A Meatball sandwich on 7 grain.
A perfect balance of meatball and sauce. MMMMMMMMMmmmmmmmmmm

How is teddy’s porcupine hairdo?

Shameless Self Promotion is the New Modesty

Delicious By Design includes photos produced by Renee Comet and me. Something like 35 of ’em, none of them sweets. Lots of meat and bacon and butter, plenty of onions and garlic. This food is loud and proud and crusty on the edges.  The author and designer, Rob Sugar, gave us free license in the studio. Well, at first we were on a retractable leash, but Renee and I gnawed through that on day one.

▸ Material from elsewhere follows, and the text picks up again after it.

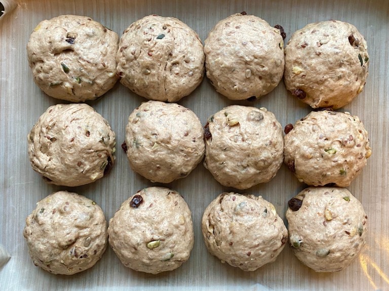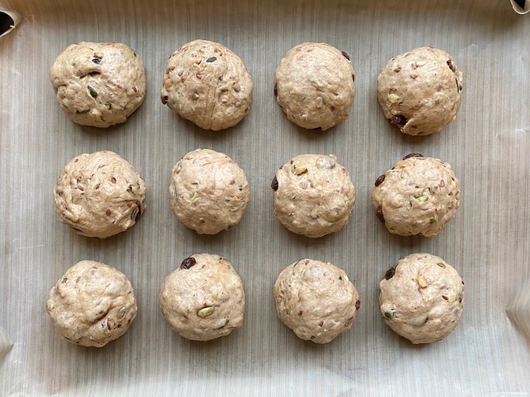 julens krydder, med frø, nøtter og rosiner. Disse ble skikkelig gode så her

Then our imaginations ran free through the neighborhood.

Free rein comes with responsibility, of course. Damnit Janet. As much as we sometimes want to bark at squirrels and dig big holes under fences and shake muddy water all over you, we don’t and we didn’t. No we don’t cause we are PROFESSIONALS.

Like grilled cheese and tomato soup, creativity and capability are halves of a whole at Renee’s studio. At their tastiest when mingled.